◆ **To do**
Range to copy from the entries below: the line containing "modern large branch" through the line containing "розриву, Bar:1100Радіус ви...", inclusive. Retype only those lines, exactly, without any images.

^^^^^^^^^^^^^^^^

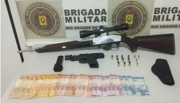 Segundo nota da BM, elas eram ocupantes de um veículo em que transportavam uma espingarda calibre 22 e munição, uma pistola 9mm e munição, uma luneta e R$ 465.
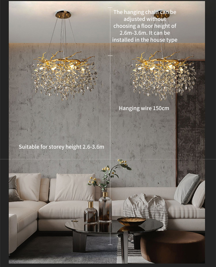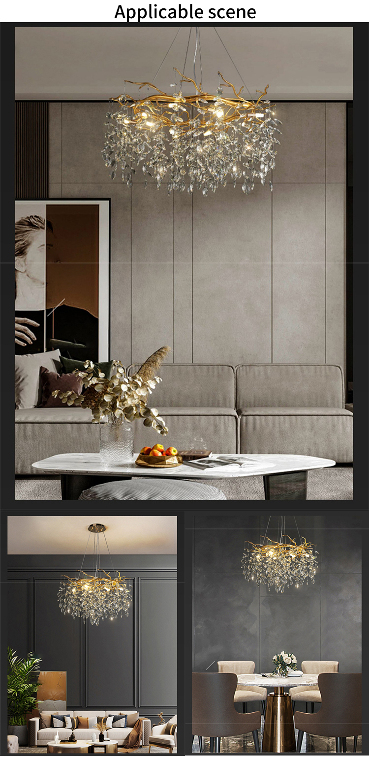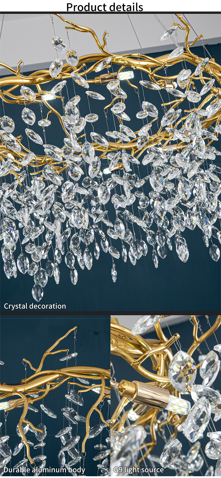 modern large branch hotel luxury ceiling pendant light led crystal chandeliers
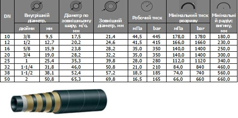 Рукав високого тиску 2SN12(1/2”)Рукав високого тиску з двома металевими обплетеннями 2SN12(1/2”)Стандарт: DIN/EN 853Внутрішній шар: Маслостійкий синтетичний каучукЗміцнюючий шар: 2 кулі металевого обплетення мм: 12,7Зовнішній діаметр,мм: 22,2 Робочий тиск, Bar: 275Давление розриву, Bar:1100Радіус ви...
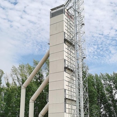 熱風(fēng)系統(tǒng)采用多臺風(fēng)機分段變溫烘干技術(shù)。剛?cè)胨募Z食由于水分大、溫度低,所以第一烘干段采用高風(fēng)溫、大風(fēng)量進(jìn)行急劇降水。這時熱風(fēng)效率非常高,飽和的廢氣被迅速排出塔外,提高烘干效率,達(dá)到增產(chǎn)目的。糧食進(jìn)入緩舒段進(jìn)行濕熱交換,表層的熱量向內(nèi)部傳導(dǎo),內(nèi)部的水分向表層移動,這樣能減少裂紋率,提高糧食品質(zhì)。進(jìn)入第二、三烘干段后,糧食溫度已達(dá)30℃以上,水分在20%以下,這時使用低溫烘干,可節(jié)省能量。冷卻段采用混逆流模式,糧食緩慢降溫,充分冷卻。
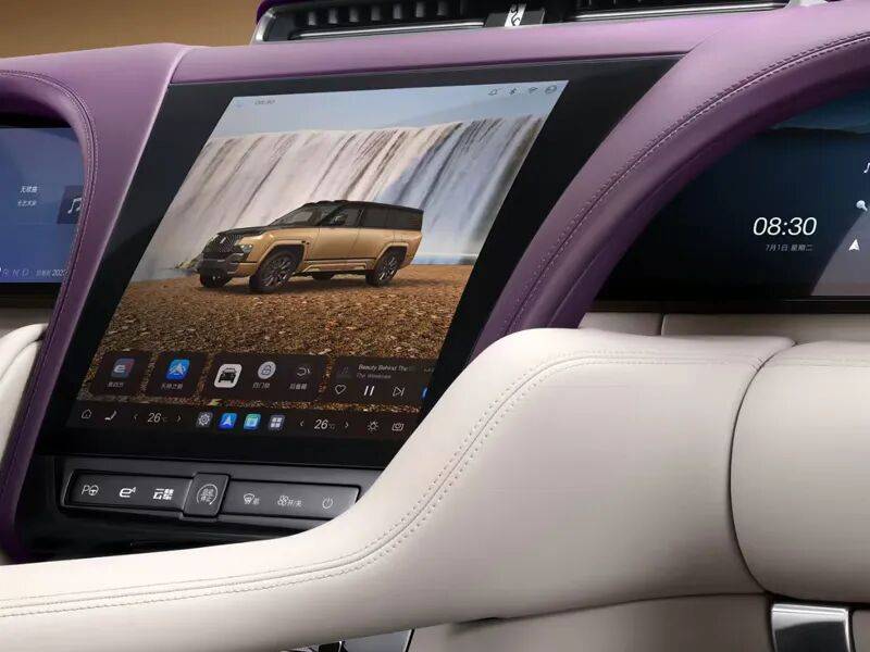 然而百万级的豪车,对于内饰的打造肯定有自己独有的风格。车内不管是布局还是科技感,仰望U8L鼎世版都必须拉满,23.6英寸液晶仪表屏+12.8英寸中控屏+23.6英寸副驾娱乐屏,让科技感毫无违和感。此外,门板处的丹拿铂金系列Hi-End级音响的扬声器,以及二排座椅上有集成的扶手屏等等,都能够充分的说明,这台车除了针对主驾驶体现豪华以外,还强调了多区域乘员所能感受到同等的豪华感。
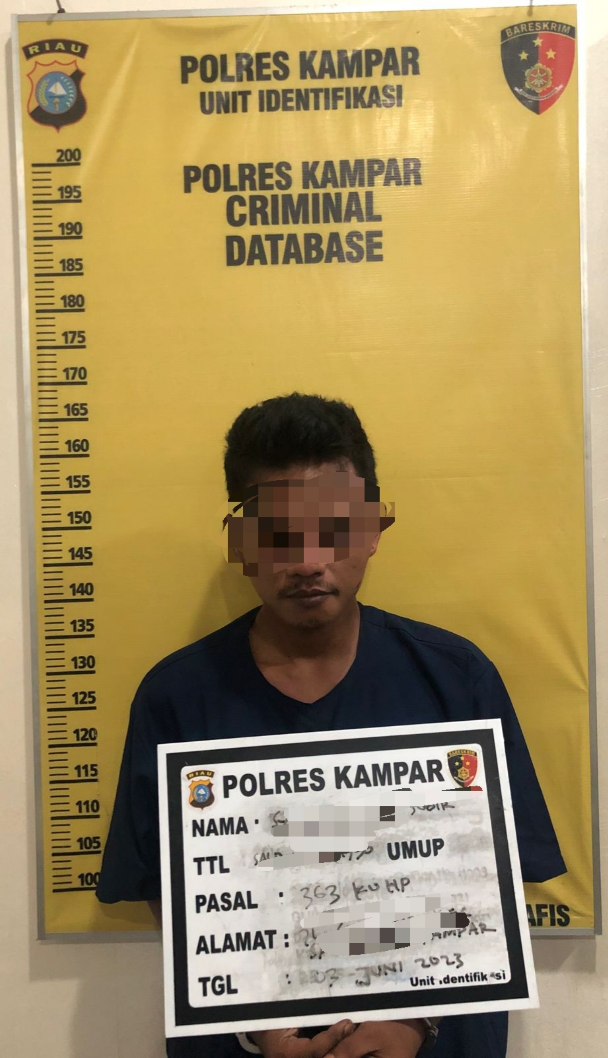 Pelaku adalah SU (32) warga Desa Sialang, Kecamatan Salo, Kabupaten Kampar. Ia melakukan aksi kejahatannya di Jl. Perumnas Desa Salo, Kecamatan Salo, pada Minggu (21/5/2023) sekira pukul 01.00 WIB.
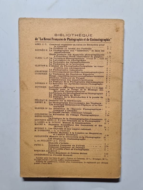 Bureau de la revue. 1er février 1920. In-12. Broché. Bon état, Couv. convenable, Dos satisfaisant, Intérieur frais. Paginé de 25 à 36. Quelques photographies en noir et blanc dans et hors texte. Léger manque a la page 35/36, page publicitaire et deuxième plat, sans altérer la lecture.. . . . Classification Dewey : 770-Photographie
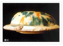 唐三彩(罐)盖残片(图3)。尺寸为8厘米×5.5厘米。土黄胎略泛红。蓝、黄彩。釉下钴蓝点彩,成色青雅明快,晕散。
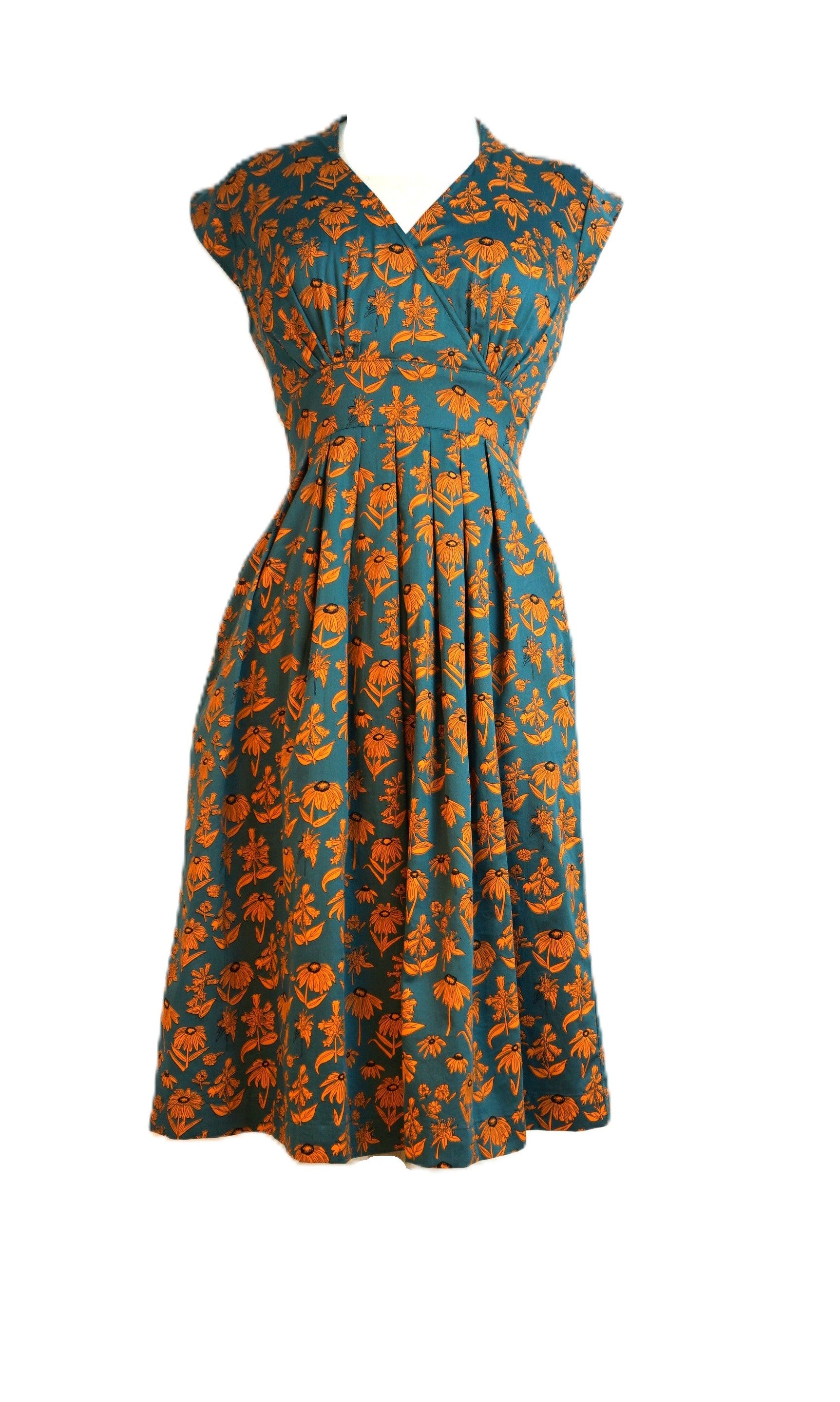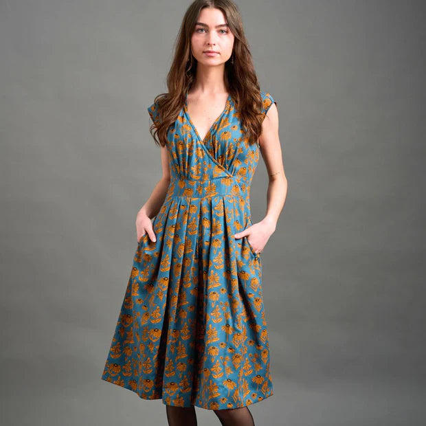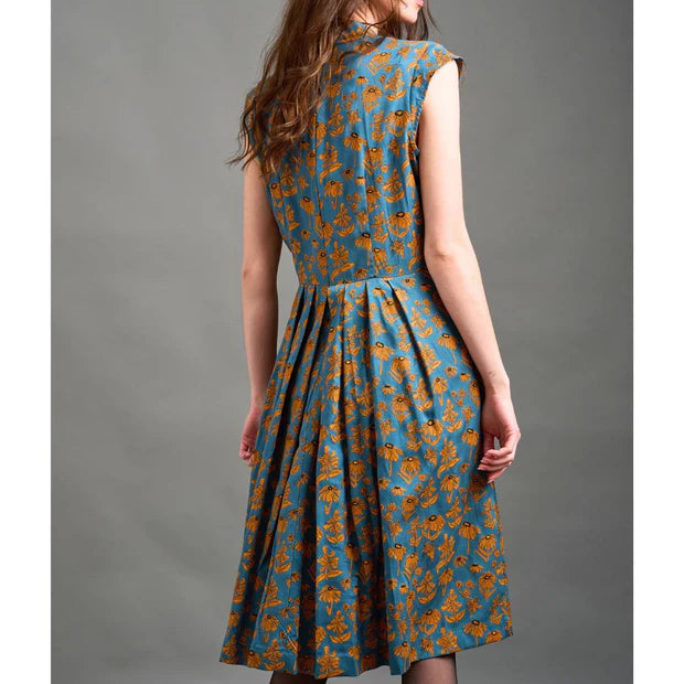 We love the Lucille Dress from Mata Traders, one of our favorite sustainable brands. This bold teal and bronze dress is the perfect vibe for early Fall: short sleeved, a relaxed but flattering fit, and breathable cotton!
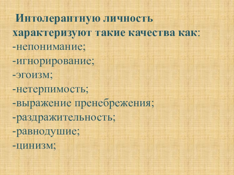 Слайд 6 Интолерантную личность характеризуют такие качества как: -непонимание; -игнорирование; -эгоизм; -нетерпимость; -выражение пренебрежения; -раздражительность; -равнодушие; -цинизм;
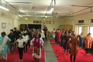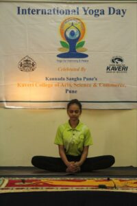 International Yoga Day has been celebrated all over the world on 21st June every year since 2015. On the occasion of the 8th World Yoga Day- 21st June 2022, Kaveri College organized a special programme for students and professors. With respect to the significance of mental, physical and emotional effects of the Corona Pandemic on the human body, the theme for this year’s International Yoga Day was ‘Yoga for Humanity’. Vice principal Dr. Mukta Karmarkar welcomed the yoga instructor Smt. Kalyani Tulpule. Mrs. Tulpule said that It is important to include yoga in your life for a better lifestyle. Yoga keeps the body healthy and relieves mental stress. She explained the benefits of regular yoga practice and certain rules while doing yoga to students and professors of Kaveri college and guided them with demonstrations. The event organizer and moderator Dr. Anand Buddhikot proposed a vote of thanks to the audience. All the teachers, non-teaching staff and students of the college actively participated in the event.
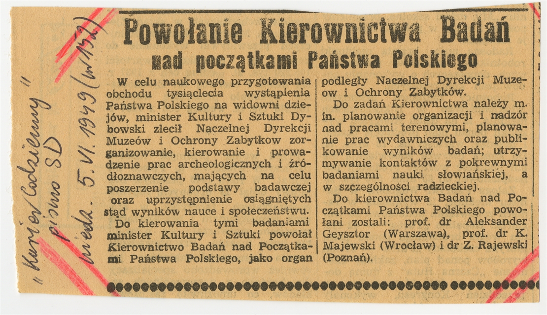 Wycinek prasowy z gazety "Kurjer Codzienny" Nr 152 z 5 czerwca 1949 r. zatytułowany "Powołanie Kierownictwa Badań nad początkami Państwa Polskiego"
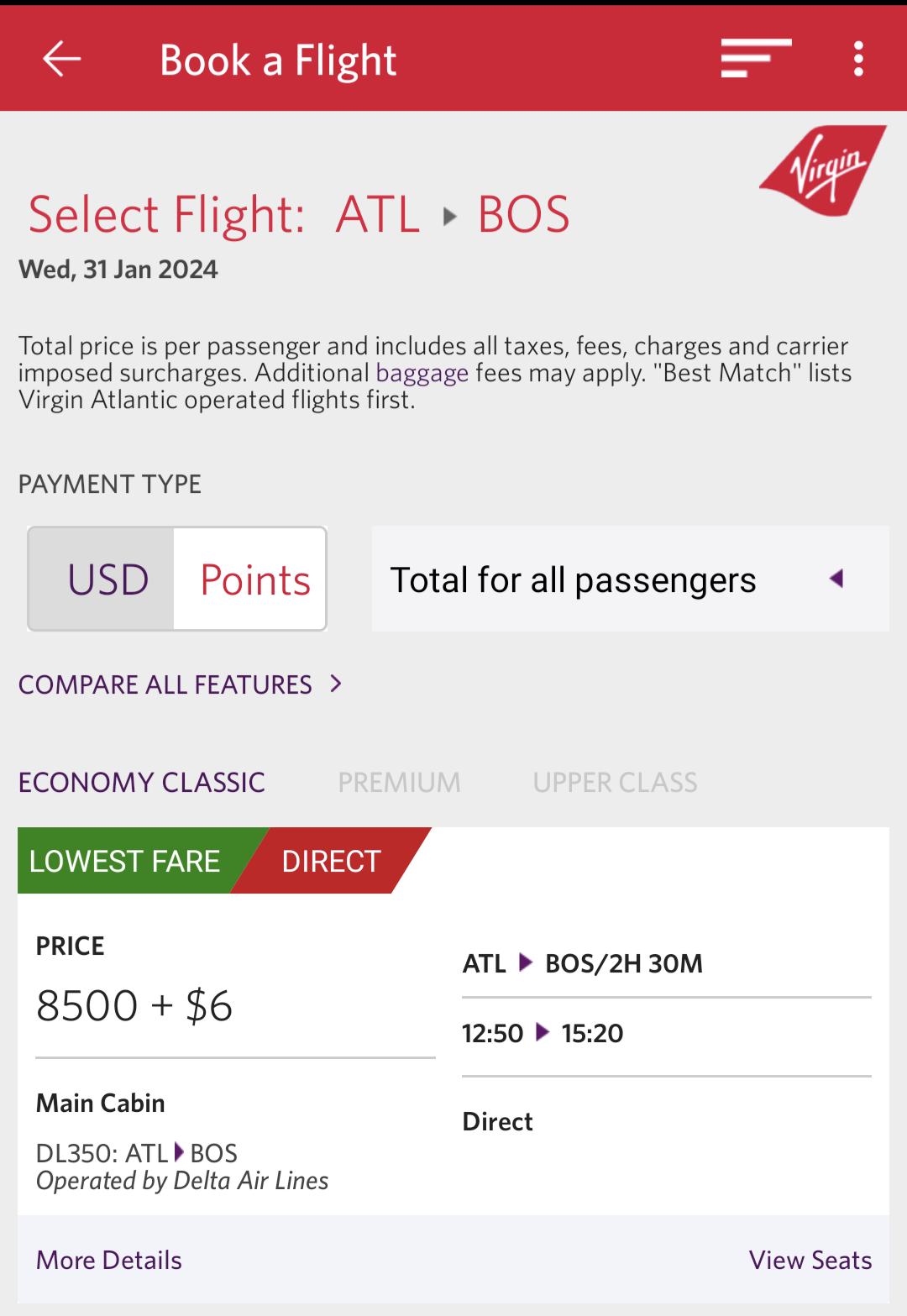 7. VS/Virgin Atlantic出Delta执飞的航班

^^^^^^^^^^^^^^^^

◆ **Written response**
 modern large branch hotel luxury ceiling pendant light led crystal chandeliers
 Рукав високого тиску 2SN12(1/2”)Рукав високого тиску з двома металевими обплетеннями 2SN12(1/2”)Стандарт: DIN/EN 853Внутрішній шар: Маслостійкий синтетичний каучукЗміцнюючий шар: 2 кулі металевого обплетення мм: 12,7Зовнішній діаметр,мм: 22,2 Робочий тиск, Bar: 275Давление розриву, Bar:1100Радіус ви...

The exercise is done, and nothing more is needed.